If this query returns no results, then that means there are currently no statements in a resource queue. A sample of a resource queue with two statements in it looks something like this:

rolname | rsqname |  pid  | granted |     current_query      | datname 
----------------------------------------------------------------------- 
  sammy | webuser | 31861 | t       | <IDLE> in transaction  | namesdb
  daria | webuser | 31905 | f       | SELECT * FROM topten;  | namesdb

Use this output to identify the process id (pid) of the statement you want to clear from the resource queue.

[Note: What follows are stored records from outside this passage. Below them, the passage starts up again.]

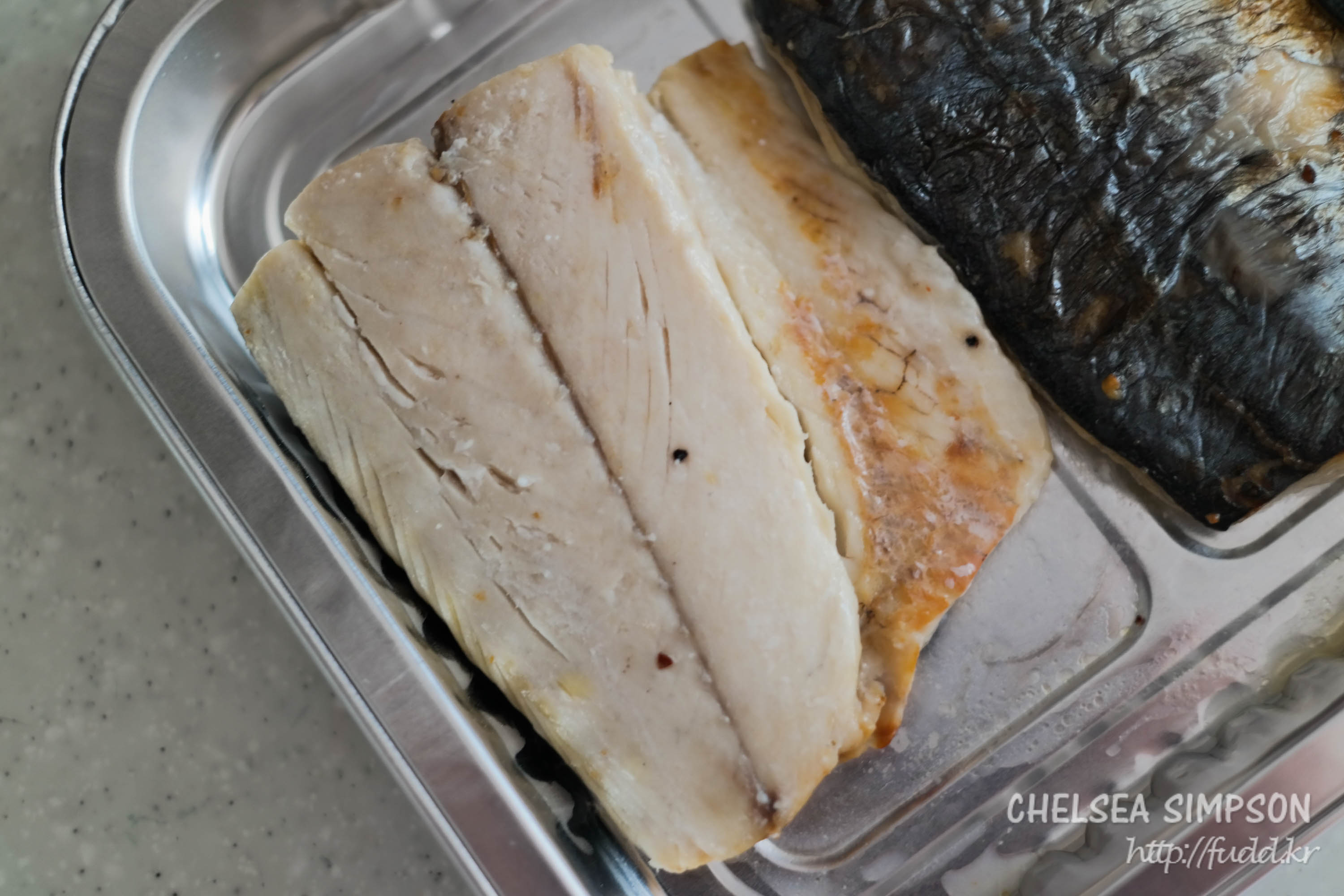 전자레인지에 그대로 데워먹는 우리집애 국내산 삼치구이(200g, 당시 마트 가격 7,700원).
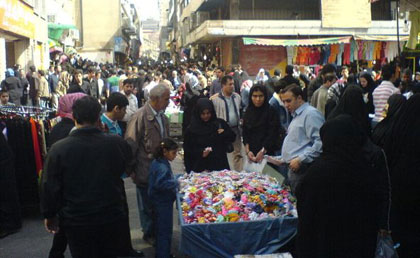 جلوخان مغازه ها که نیمی از آن را گرفته و
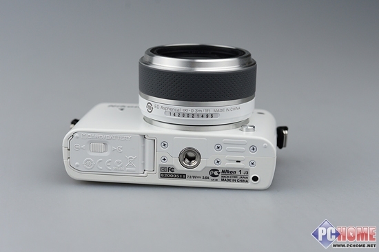 机身顶部印有相机的标示和产地,尼康J3单机身和镜头产地都来自MIC。

To clear the statement, you would then open a terminal window (as the gpadmin database superuser or as root) on the master host and cancel the corresponding process. For example:

=# pg_cancel_backend(31905)
Note:

Do not use any operating system KILL command.

Viewing the Priority of Active Statements

The gp_toolkit administrative schema has a view called gp_resq_priority_statement, which lists all statements currently being executed and provides the priority, session ID, and other information.

This view is only available through the gp_toolkit administrative schema. See the Greenplum Database Reference Guide for more information.

Resetting the Priority of an Active Statement

Superusers can adjust the priority of a statement currently being executed using the built-in function gp_adjust_priority(session_id, statement_count, priority). Using this function, superusers can raise or lower the priority of any query. For example:

=# SELECT gp_adjust_priority(752, 24905, 'HIGH')

To obtain the session ID and statement count parameters required by this function, superusers can use the gp_toolkit administrative schema view, gp_resq_priority_statement. From the view, use these values for the function parameters.

  • The value of the rqpsession column for the session_id parameter
  • The value of the rqpcommand column for the statement_count parameter
  • The value of rqppriority column is the current priority. You can specify a string value of MAX, HIGH, MEDIUM, or LOW as the priority.
Note: The gp_adjust_priority() function affects only the specified statement. Subsequent statements in the same resource queue are executed using the queue's normally assigned priority.